Now, even products like Facebook Messenger are offering built-in NLP solutions for developers, so they can easily understand the concepts being discussed by users. Facebook isn’t alone in this — most advanced messengers, personal assistants, and voice apps use some level of NLP to power their linguistic interface.
Other possible applications for NLP in modern consumer services include ultra-accurate spam filtering and profanity removal. NLP applications also range into sentiment analysis, not just translating natural speech but trying to understand its emotional and conceptual tenor; some NLP projects aim to have computers analyze speech in real-time to make determinations about which stock to buy or sell.
All this requires the right dataset, to be possible. But how do you get the right dataset?

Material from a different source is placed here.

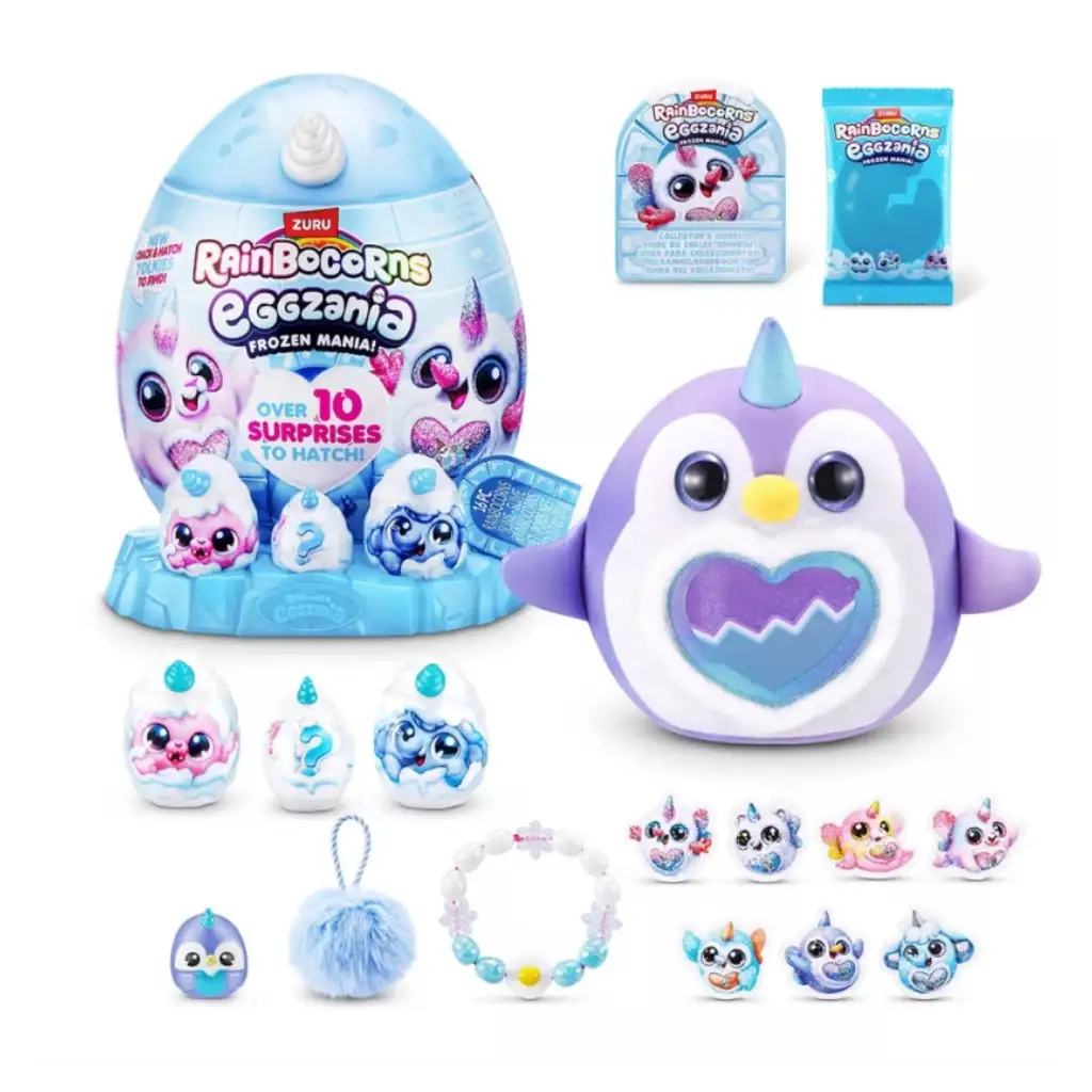 L’uovo sorpresa Rainbocorns Eggzania Frozen Mania garantisce un sorriso ad ogni apertura. Nell’uovo grande si trova un morbido e simpatico peluche, accompagnato da altre piccole uova piene di entusiasmanti sorprese. Tra gli accessori si trovano minifigure collezionabili, elementi per creare gioielli e piccoli giochi, che rendono l’esperienza ancora più divertente.

NLP data comes in 7 data types
Natural language processing datasets generally concern themselves with a single type of analysis, and it’s only together that they can provide for the totality of the needs of natural language.

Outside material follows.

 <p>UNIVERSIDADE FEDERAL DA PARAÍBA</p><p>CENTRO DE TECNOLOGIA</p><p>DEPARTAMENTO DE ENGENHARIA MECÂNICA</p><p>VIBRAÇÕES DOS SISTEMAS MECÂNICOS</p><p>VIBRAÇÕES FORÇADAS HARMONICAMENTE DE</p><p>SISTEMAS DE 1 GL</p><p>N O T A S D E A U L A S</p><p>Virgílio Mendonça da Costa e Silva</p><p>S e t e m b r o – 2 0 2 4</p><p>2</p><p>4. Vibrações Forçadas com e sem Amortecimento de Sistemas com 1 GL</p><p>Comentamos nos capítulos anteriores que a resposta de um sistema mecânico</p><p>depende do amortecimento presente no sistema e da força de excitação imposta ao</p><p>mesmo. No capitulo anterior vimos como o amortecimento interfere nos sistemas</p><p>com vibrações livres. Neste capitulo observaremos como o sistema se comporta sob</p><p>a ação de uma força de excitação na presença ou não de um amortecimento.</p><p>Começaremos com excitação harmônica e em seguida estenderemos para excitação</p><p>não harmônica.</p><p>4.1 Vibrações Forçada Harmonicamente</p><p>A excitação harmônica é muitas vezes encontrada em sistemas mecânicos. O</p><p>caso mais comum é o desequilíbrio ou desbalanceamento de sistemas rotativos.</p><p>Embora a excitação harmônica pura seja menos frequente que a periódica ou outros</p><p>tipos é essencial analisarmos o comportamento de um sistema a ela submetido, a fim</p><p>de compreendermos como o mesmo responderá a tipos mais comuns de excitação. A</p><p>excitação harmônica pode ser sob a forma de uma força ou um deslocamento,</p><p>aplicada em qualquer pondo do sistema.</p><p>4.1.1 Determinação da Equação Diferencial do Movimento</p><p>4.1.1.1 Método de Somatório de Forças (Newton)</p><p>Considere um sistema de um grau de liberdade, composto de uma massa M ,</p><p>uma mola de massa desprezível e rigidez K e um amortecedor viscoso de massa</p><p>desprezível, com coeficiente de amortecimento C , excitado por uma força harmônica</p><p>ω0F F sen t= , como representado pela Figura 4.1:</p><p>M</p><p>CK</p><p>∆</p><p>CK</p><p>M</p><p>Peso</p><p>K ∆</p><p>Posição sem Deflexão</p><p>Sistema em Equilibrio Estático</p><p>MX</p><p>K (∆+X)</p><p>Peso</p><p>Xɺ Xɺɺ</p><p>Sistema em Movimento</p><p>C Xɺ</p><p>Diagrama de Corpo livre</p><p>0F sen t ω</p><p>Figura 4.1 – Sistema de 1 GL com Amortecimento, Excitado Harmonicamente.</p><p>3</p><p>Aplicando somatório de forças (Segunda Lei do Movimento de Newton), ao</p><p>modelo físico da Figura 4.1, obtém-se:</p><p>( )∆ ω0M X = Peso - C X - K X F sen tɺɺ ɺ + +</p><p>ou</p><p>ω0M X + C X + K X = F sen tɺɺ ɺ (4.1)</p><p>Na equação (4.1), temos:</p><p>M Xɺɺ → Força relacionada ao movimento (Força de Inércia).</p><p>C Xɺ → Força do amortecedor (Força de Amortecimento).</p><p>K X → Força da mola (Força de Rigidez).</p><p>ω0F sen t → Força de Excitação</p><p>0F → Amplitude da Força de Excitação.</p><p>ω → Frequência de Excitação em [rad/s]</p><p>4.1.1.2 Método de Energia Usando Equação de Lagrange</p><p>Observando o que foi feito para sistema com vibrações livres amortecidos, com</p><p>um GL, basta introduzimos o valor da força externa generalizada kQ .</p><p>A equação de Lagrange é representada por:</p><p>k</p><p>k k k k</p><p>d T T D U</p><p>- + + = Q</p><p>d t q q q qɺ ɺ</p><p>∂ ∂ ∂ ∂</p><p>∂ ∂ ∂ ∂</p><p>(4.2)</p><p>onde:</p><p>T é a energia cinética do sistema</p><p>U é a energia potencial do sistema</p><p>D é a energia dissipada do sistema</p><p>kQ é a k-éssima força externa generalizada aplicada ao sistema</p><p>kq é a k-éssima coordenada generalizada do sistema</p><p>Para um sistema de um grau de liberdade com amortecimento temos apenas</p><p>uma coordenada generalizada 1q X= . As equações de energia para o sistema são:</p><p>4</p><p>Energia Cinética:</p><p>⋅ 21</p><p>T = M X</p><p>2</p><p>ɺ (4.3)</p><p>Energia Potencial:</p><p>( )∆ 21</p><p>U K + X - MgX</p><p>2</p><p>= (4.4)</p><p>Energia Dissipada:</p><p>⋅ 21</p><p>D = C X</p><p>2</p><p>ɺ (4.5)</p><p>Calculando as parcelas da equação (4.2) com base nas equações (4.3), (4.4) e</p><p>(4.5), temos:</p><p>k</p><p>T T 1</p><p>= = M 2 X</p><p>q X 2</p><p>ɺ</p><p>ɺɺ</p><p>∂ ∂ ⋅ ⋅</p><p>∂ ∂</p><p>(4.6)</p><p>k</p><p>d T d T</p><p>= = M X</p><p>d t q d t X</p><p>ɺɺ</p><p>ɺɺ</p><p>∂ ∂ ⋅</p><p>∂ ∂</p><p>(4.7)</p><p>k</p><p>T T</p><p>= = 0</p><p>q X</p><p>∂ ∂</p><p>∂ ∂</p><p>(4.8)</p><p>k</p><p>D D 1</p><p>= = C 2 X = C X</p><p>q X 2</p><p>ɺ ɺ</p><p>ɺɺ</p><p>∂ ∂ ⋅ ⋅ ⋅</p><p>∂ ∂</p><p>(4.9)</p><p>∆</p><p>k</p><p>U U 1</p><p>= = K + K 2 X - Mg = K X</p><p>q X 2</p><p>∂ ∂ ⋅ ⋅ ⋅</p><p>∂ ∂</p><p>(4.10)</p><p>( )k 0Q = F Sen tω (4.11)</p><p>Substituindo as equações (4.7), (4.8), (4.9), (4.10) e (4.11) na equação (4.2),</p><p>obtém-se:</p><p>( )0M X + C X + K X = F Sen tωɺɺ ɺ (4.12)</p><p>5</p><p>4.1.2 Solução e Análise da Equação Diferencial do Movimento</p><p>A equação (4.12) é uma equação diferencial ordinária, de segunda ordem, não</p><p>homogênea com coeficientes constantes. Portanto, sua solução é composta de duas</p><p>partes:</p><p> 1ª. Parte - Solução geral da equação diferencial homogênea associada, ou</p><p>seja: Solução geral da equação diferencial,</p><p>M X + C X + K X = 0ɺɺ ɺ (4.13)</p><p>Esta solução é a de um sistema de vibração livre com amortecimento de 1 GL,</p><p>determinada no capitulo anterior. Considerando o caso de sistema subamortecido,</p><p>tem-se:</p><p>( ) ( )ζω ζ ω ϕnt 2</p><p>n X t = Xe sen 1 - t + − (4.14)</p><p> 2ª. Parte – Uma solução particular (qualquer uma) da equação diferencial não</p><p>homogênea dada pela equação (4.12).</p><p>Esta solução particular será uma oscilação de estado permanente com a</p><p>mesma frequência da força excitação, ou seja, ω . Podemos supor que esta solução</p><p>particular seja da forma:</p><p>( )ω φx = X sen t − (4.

There’s speech recognition, in which the actual words spoken in audio are converted to text for further analysis, and machine translation for when those spoken words don’t happen to be in English.
Then, there’s text classification and language modeling, which have to do with chunking and classifying speech into concepts for further analysis. Next come the finishing touches: image captioning, question answering, and document summarization.
A given NLP query might use any number of these sorts of datasets. For instance, a request to troll Spanish-language blogs to determine the level of excitement about a particular product would have to first record the spoken words into text (speech recognition), then translate that Spanish text into English.
Only then would the program be able to look at the English translation and try to find conceptual and/or emotional elements that could be relevant to our question: How do these people feel about the product?
In each case, the dataset allows developers to use machine learning techniques to add the next crucial sub-ability to the overall NLP arsenal.
Since the whole point of NLP is to make human-machine interaction more seamless, most of the possible applications have to do with the places that interaction has historically always lagged behind. Real-time audio conversations with chatbots is an NLP dream, bringing all the challenges of understanding language up to the challengingly high speed of regular human interaction.
Natural Language Processing can be used exactly as wide as the human facility with language; anything that exists in the medium of natural language can be analyzed in that medium as well.
Armed with the right datasets, NLP promises to be one of the most impactful new computing innovations in recent decades. All the average person needs to do to make sure those datasets are available is keep having natural interactions, and allow the computer models of the future to learn from them.